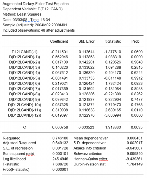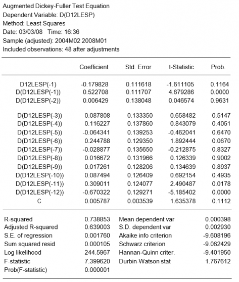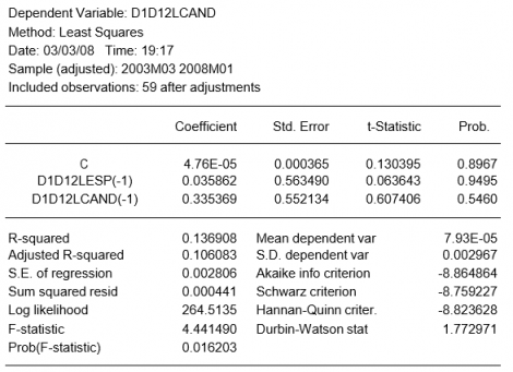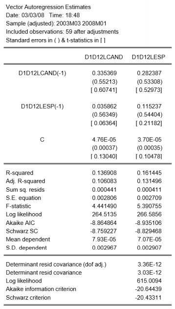 A pesar de que el test de Granger no indica una correlación importante entre las dos series, con el propósito de ilustración estimamos un modelo VAR. Para eso pulsamos 'quick/estimate VAR' y escribimos en las variables endógenas: d(lesp,1,12) y d(lcand,1,12) y seleccionamos el número de retardos que minimiza el criterio de información de Akaike que es 1.
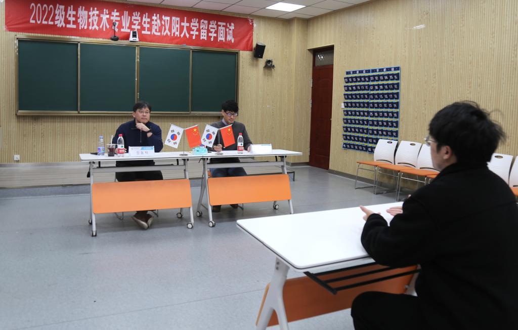 英国正版365官方网站2022级生物技术专业、土木工程专业赴韩国汉阳大学留学面试工作分别于12月15日和12月21日在逸夫楼201教室举行。
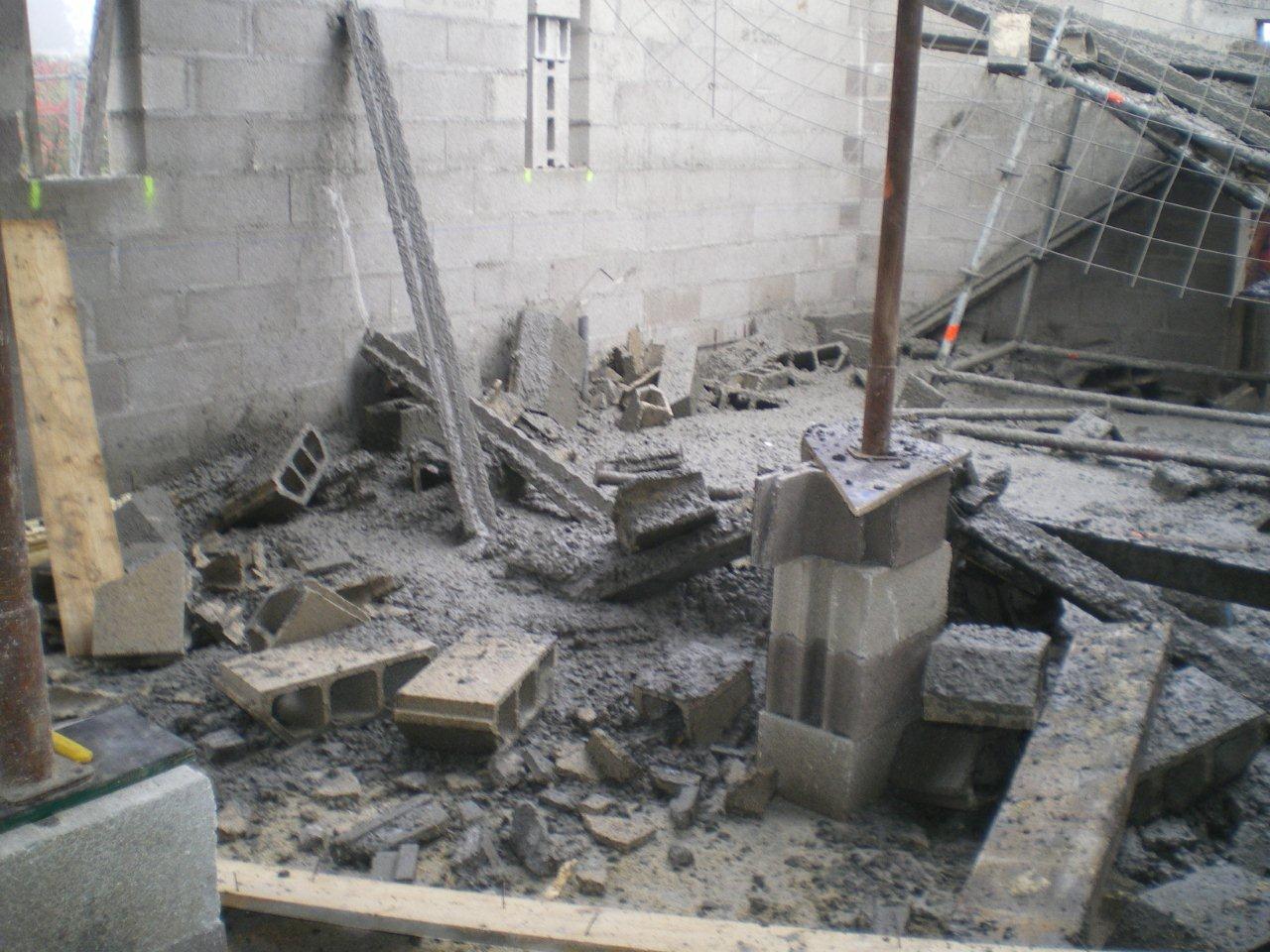 Alors, vous voulez dire que la destruction dans cette photo a été causée par une sottise d'un des travailleurs? A mon avis il me semble que le bâtiment a été excavé, mais ce n'est pas moi qui ai pris la photo. Toutefois ça a dû être une grande sottise qu'il a faite, j'imagine qu'il sera doué au dynamitage.

# WHAT YOU ARE ASKED TO DO
Without including any pictures, reproduce the data exactly.

# OUTPUT
 A pesar de que el test de Granger no indica una correlación importante entre las dos series, con el propósito de ilustración estimamos un modelo VAR. Para eso pulsamos 'quick/estimate VAR' y escribimos en las variables endógenas: d(lesp,1,12) y d(lcand,1,12) y seleccionamos el número de retardos que minimiza el criterio de información de Akaike que es 1.
 英国正版365官方网站2022级生物技术专业、土木工程专业赴韩国汉阳大学留学面试工作分别于12月15日和12月21日在逸夫楼201教室举行。
 Alors, vous voulez dire que la destruction dans cette photo a été causée par une sottise d'un des travailleurs? A mon avis il me semble que le bâtiment a été excavé, mais ce n'est pas moi qui ai pris la photo. Toutefois ça a dû être une grande sottise qu'il a faite, j'imagine qu'il sera doué au dynamitage.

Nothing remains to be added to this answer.